» Available data:
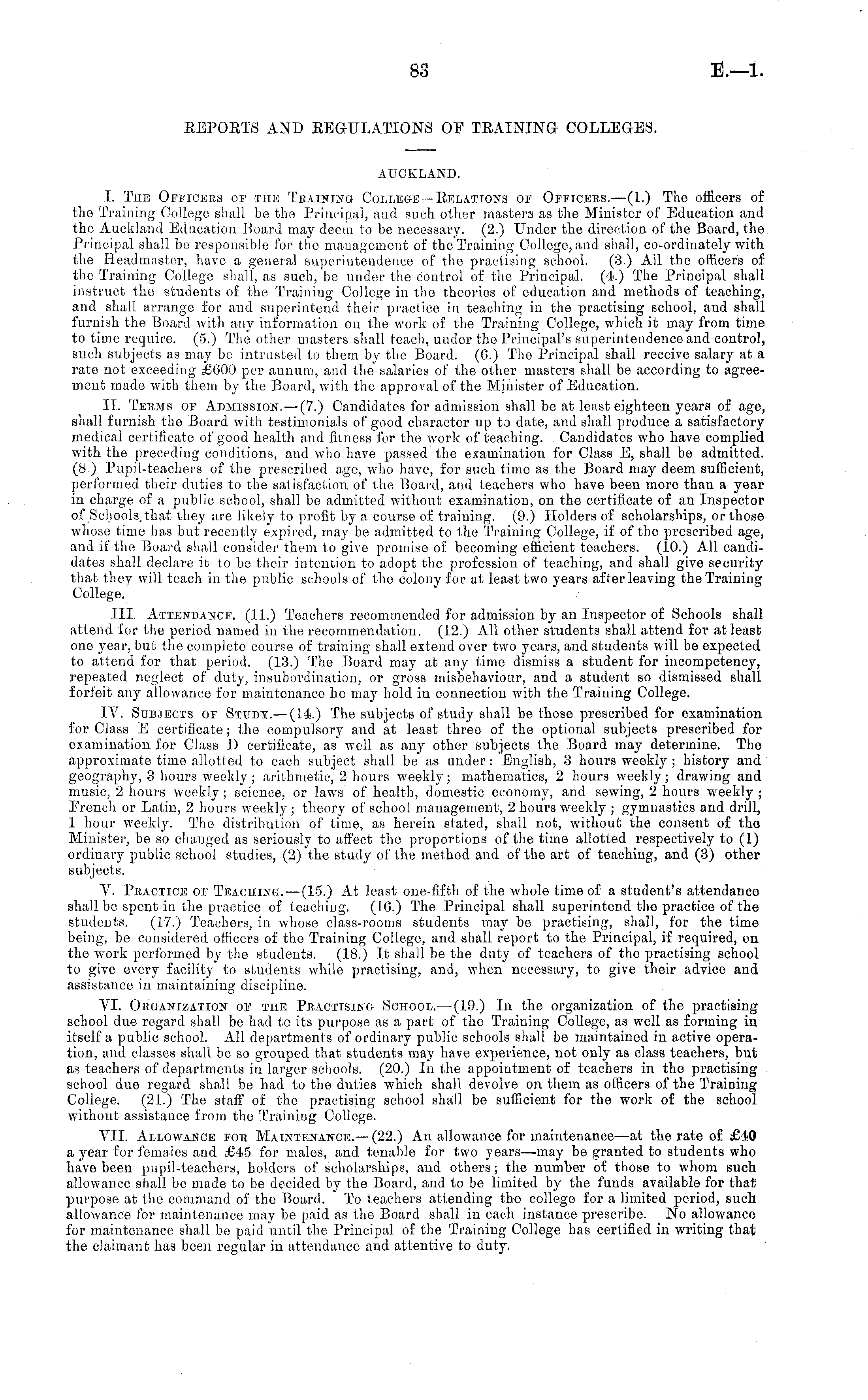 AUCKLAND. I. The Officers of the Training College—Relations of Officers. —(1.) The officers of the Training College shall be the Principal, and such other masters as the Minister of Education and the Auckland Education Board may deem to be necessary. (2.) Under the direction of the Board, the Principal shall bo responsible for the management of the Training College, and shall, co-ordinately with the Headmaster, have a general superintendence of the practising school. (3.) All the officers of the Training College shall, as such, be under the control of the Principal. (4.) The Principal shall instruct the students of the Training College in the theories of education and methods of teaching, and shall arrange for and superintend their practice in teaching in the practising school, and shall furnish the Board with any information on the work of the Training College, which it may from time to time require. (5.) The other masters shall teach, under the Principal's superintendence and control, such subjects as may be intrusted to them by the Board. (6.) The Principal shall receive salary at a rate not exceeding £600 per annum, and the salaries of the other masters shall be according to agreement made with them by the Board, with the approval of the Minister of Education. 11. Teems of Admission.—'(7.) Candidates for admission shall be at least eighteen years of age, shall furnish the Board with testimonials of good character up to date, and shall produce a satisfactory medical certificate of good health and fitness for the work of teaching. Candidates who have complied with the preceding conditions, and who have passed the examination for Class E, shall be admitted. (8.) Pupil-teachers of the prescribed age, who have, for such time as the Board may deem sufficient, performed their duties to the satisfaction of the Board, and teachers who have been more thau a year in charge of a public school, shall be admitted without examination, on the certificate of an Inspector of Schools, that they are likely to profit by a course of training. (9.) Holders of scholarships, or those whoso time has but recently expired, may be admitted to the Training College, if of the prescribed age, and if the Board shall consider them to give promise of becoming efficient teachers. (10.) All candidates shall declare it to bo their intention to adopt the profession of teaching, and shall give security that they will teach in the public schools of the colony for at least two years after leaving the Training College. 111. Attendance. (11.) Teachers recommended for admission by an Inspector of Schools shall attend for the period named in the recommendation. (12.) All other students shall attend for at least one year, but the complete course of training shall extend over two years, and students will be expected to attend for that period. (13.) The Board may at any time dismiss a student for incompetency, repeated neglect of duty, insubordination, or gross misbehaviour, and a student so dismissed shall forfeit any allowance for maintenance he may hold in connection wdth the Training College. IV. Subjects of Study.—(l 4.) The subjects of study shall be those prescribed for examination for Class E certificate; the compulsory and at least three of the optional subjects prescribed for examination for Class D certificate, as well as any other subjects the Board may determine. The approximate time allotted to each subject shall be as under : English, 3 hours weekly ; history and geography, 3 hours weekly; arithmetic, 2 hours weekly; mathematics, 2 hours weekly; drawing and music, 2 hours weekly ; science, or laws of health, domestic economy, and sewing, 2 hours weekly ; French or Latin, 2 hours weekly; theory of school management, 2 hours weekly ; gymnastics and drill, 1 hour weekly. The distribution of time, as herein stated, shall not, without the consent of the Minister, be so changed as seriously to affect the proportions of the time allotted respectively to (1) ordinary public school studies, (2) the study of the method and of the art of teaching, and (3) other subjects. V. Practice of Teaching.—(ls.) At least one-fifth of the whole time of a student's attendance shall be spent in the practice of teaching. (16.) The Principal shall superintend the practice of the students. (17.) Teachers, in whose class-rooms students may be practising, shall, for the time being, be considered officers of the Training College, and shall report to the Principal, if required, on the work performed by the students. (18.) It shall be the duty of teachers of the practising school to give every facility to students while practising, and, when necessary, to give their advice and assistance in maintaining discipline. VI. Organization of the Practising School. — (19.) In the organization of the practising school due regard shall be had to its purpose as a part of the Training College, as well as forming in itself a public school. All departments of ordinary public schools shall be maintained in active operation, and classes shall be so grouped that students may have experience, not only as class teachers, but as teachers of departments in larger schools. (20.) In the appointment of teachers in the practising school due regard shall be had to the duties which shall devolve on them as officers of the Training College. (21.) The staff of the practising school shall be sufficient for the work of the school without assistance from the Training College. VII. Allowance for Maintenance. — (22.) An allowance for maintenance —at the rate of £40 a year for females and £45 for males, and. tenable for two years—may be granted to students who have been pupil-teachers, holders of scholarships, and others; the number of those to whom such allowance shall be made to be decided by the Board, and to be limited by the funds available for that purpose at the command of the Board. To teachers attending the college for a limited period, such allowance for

---

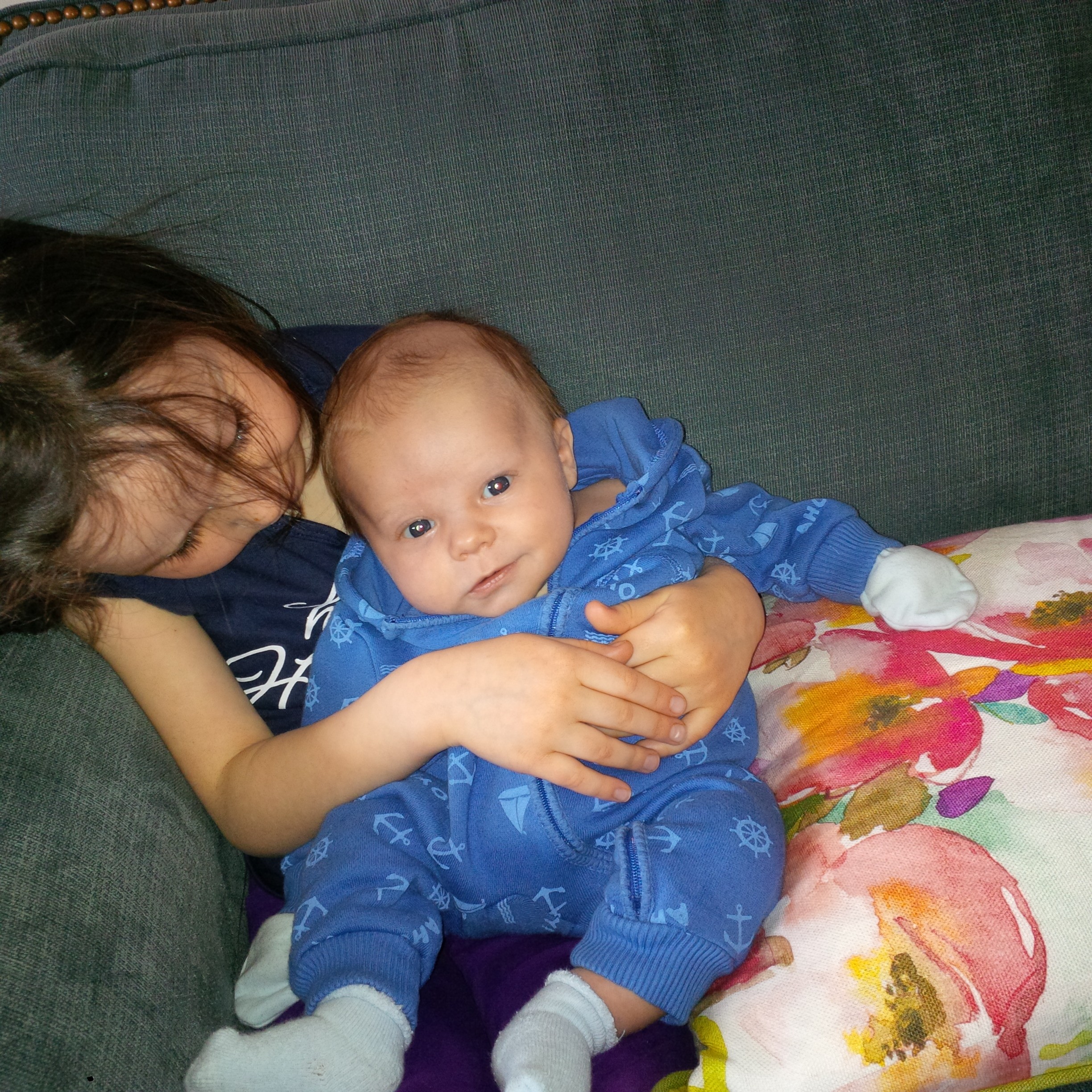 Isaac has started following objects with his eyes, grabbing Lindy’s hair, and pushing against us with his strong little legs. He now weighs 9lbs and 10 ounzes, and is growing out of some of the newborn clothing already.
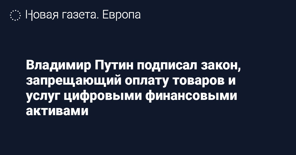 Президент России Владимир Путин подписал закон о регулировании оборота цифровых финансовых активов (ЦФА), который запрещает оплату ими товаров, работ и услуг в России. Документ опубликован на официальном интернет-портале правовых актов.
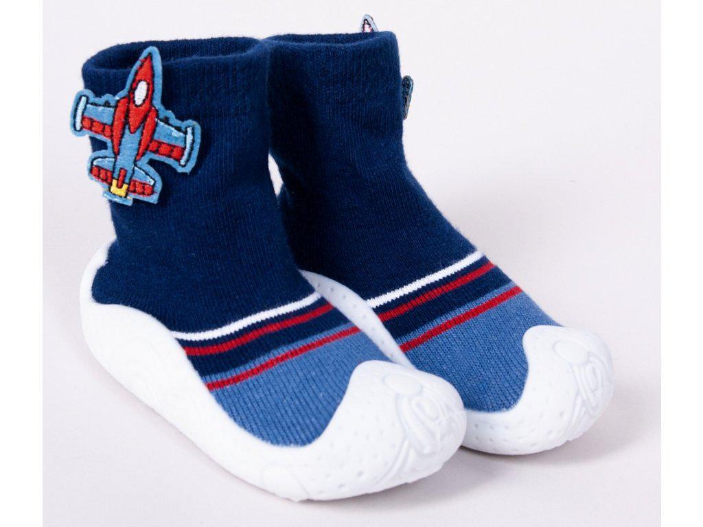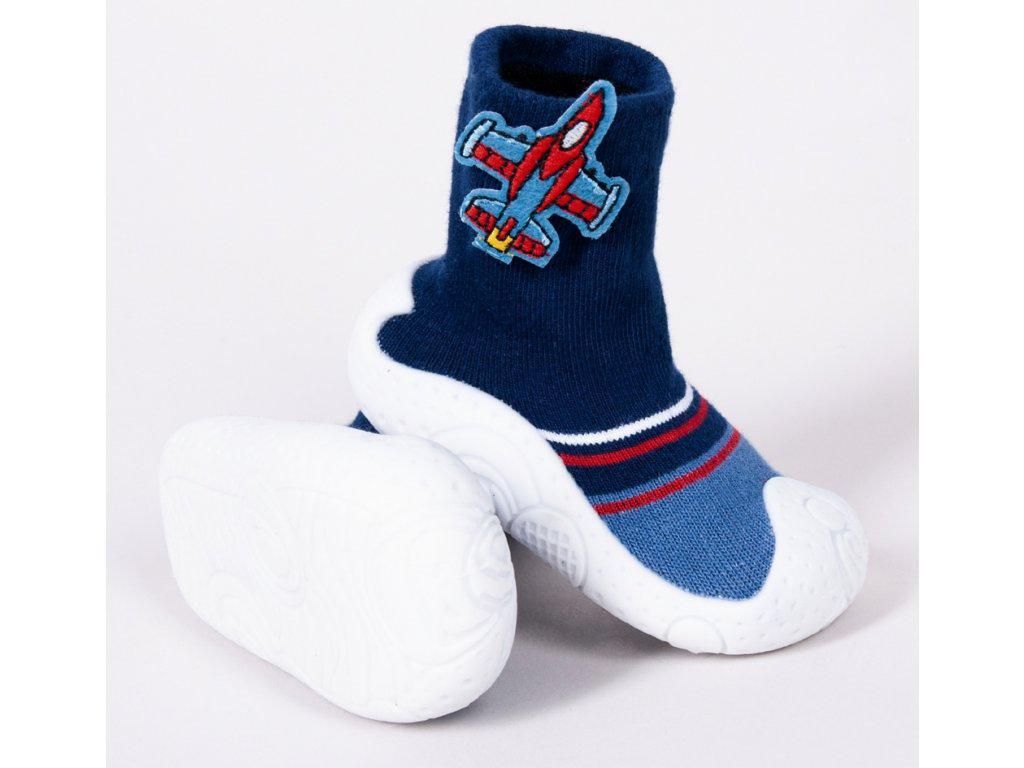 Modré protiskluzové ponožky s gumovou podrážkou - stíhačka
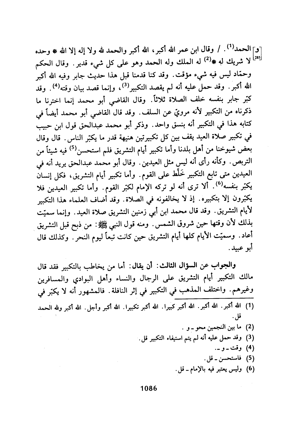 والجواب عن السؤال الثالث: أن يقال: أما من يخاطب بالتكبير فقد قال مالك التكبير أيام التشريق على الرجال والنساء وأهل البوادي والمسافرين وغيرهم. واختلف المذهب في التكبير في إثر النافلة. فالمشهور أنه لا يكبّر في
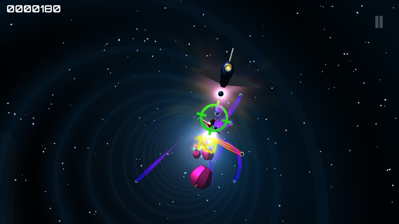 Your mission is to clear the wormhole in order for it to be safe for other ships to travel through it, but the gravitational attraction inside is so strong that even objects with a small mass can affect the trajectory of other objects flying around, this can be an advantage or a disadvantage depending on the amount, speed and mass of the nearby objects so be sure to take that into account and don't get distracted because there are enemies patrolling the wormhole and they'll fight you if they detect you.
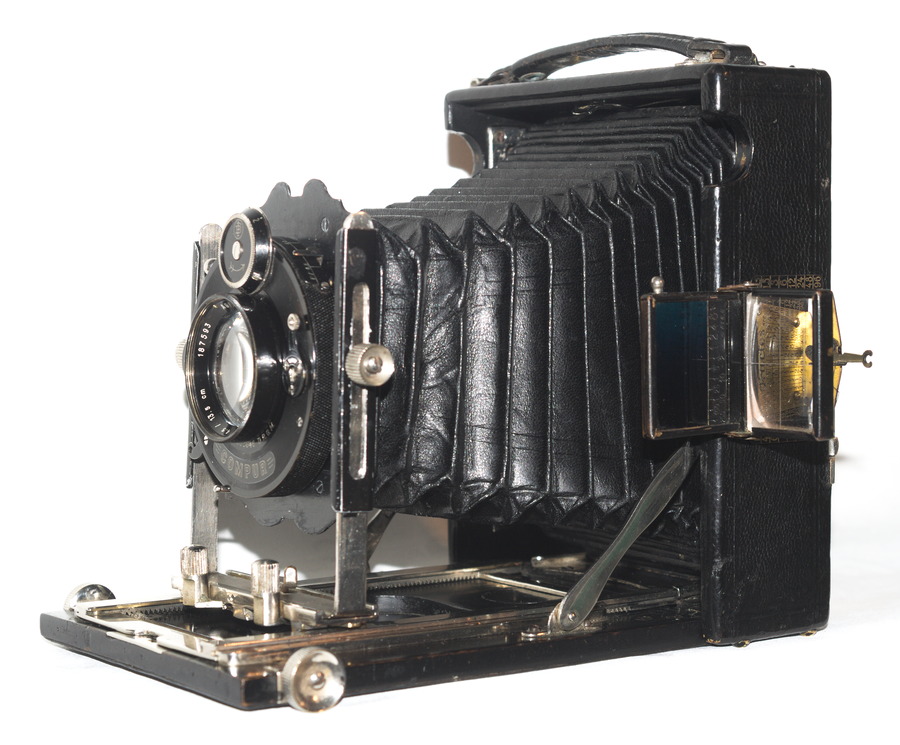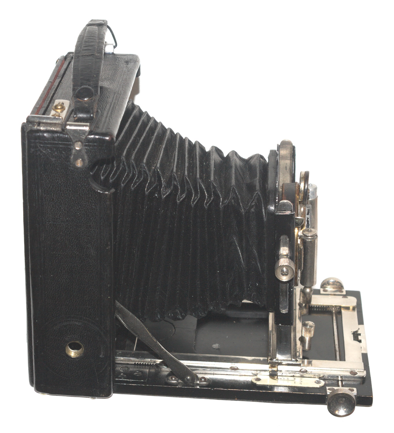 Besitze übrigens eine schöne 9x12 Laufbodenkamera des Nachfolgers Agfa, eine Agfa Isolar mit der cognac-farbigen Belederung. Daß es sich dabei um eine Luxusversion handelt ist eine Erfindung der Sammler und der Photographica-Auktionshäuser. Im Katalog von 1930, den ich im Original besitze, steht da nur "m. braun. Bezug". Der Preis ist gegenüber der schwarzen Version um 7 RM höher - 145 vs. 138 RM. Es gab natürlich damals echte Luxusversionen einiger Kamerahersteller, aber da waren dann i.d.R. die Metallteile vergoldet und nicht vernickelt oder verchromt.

» Exercise instructions: Please output, exactly as written, the lines above from the one holding "Modré protiskluzové ponožky" through the one holding "Your mission is", both included, with the pictures omitted.

» Solution:
 Modré protiskluzové ponožky s gumovou podrážkou - stíhačka
 والجواب عن السؤال الثالث: أن يقال: أما من يخاطب بالتكبير فقد قال مالك التكبير أيام التشريق على الرجال والنساء وأهل البوادي والمسافرين وغيرهم. واختلف المذهب في التكبير في إثر النافلة. فالمشهور أنه لا يكبّر في
 Your mission is to clear the wormhole in order for it to be safe for other ships to travel through it, but the gravitational attraction inside is so strong that even objects with a small mass can affect the trajectory of other objects flying around, this can be an advantage or a disadvantage depending on the amount, speed and mass of the nearby objects so be sure to take that into account and don't get distracted because there are enemies patrolling the wormhole and they'll fight you if they detect you.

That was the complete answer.